Yes, the number on the Live Register and number unemployed are entirely different. They regularly get mixed up (as BBC has done). I would like to see unemployment numbers and rates adjusted to take account of jobs shifting from full- to part-time, emigration and increased numbers staying in HE because they cannot find jobs. When working on a EU project on Dublin in the late 80s, I compiled adjusted unemployment rates to take account of emigration. The figures were truly shocking.
S3…
http://www.cso.ie/releasespublications/documents/labour_market/current/qnhs.pdf
(Table 20, p.22)
Indeed Yogan, the CSO do produce the Quarterly National Household Survey that does measure ILO unemployment. The last QNHS available is for the three months ending 30th September 2010, now five months old. Each month the CSO does publish its estimate of the unemployment rate according to ILO rules, the latest being 13.4% in January 2011. The point is that the CSO does not indicate the unemployed numbers each month just the estimate of rate. Separately they produce the Live Register numbers (some 440,000 at present). And most people domestically and not a small few internationally (including the BBC) pick up the estimated monthly unemployment rate % and the Live Register numbers and meld them together.
The proposal was
(1) Each month the CSO would produce unemployment *numbers* on an ILO basis so as to hammer home the true numbers unemployed on an ILO basis
(2) The CSO would additionally produce the figures weekly so that no-one lost sight of what is supposed to be a key challenge
Ah, I was referring to S3 unemployment, currently running at 22.6%
Fair enough Yogan but it is the general ILO rate that is generally used in international comparisons eg
http://epp.eurostat.ec.europa.eu/statistics_explained/index.php/Unemployment_statistics
And our S1 is presently an estimated 13.4% (end Jan 2011) equating to under 300,000 people.
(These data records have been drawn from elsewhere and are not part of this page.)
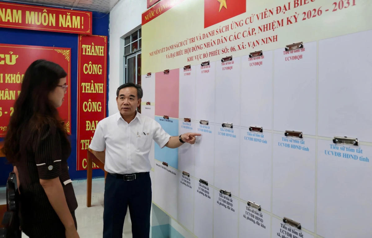Ông Lê Hữu Trí, Phó Trưởng đoàn phụ trách ĐBQH tỉnh, Phó Chủ tịch Ủy ban Bầu cử tỉnh, Trưởng Tiểu ban Tuyên truyền bầu cử tỉnh Khánh Hòa, kiểm tra công tác tuyên truyền bầu cử đại biểu Quốc hội khóa XVI và đại biểu HĐND các cấp nhiệm kỳ 2026 - 2031 tại xã Vạn Ninh. Ảnh X.H
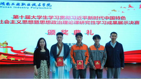 来自校内外的五位评委对文稿内容、展示汇报、特色创新等情况进行综合评审,最终决出一等奖2组、二等奖3组、三等奖5组。其中李芳佳老师指导的参赛小组作品《争当湖湘工匠 勇担青年使命》、王伟炫老师指导的参赛小组作品《国潮绽芳华 筑梦新时代》荣获一等奖,并代表我校参加湖南省第十届大学生学习贯彻习近平新时代中国特色社会主义思想暨思想政治理论课研究性学习成果展示竞赛。
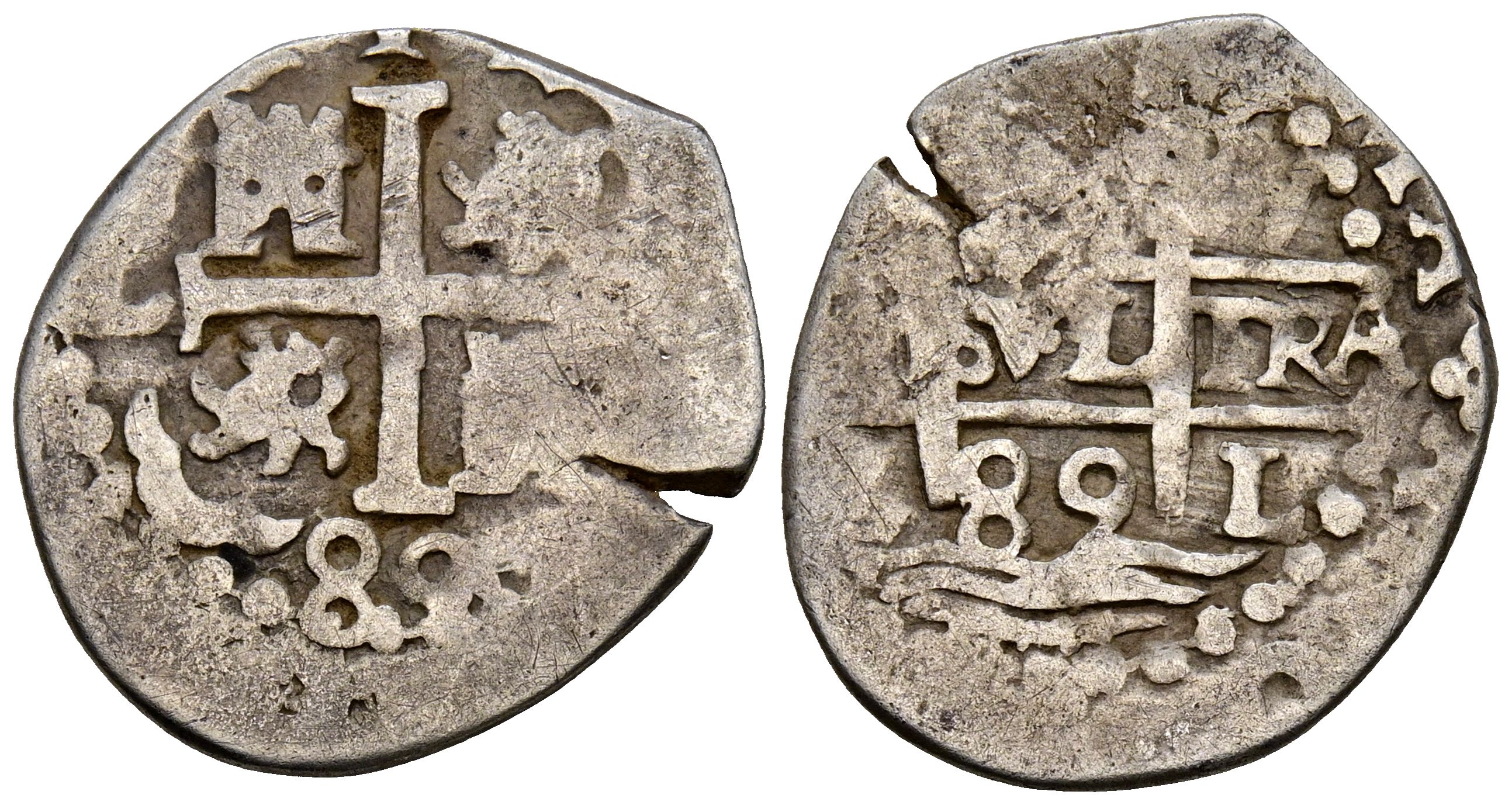 CARLOS II (1665-1700). 1 Real. (Ar. 2,01g/18mm). 1689. Lima V. (Cal-2019-220). Doble fecha visible. MBC-.

In the words of St. Swithin:
DEGREES OF FALSEHOOD. – “There are three degrees of falsehood: the first is a fib, the second is a lie, and then come statistics”?
@NWL
“it is the general ILO rate that is generally used in international comparisons”
Indeed, if you are comparing with other ILOs. Comparing with U6 in the US is the equivalent of our S3.
One of the interesting things is that U6 is a rough equivalent of the measure used during the Great Depression. Unemployment peaked then at about 23%. By the ILO measuring rules, it would be under 10%.
I like U6/S3 – they say we’re in a depressing according to the rules in play during the Great Depression (i.e. they are valid comparator measures).
They tell us how many people should be working, but are not. Not how many can face another day of rejections.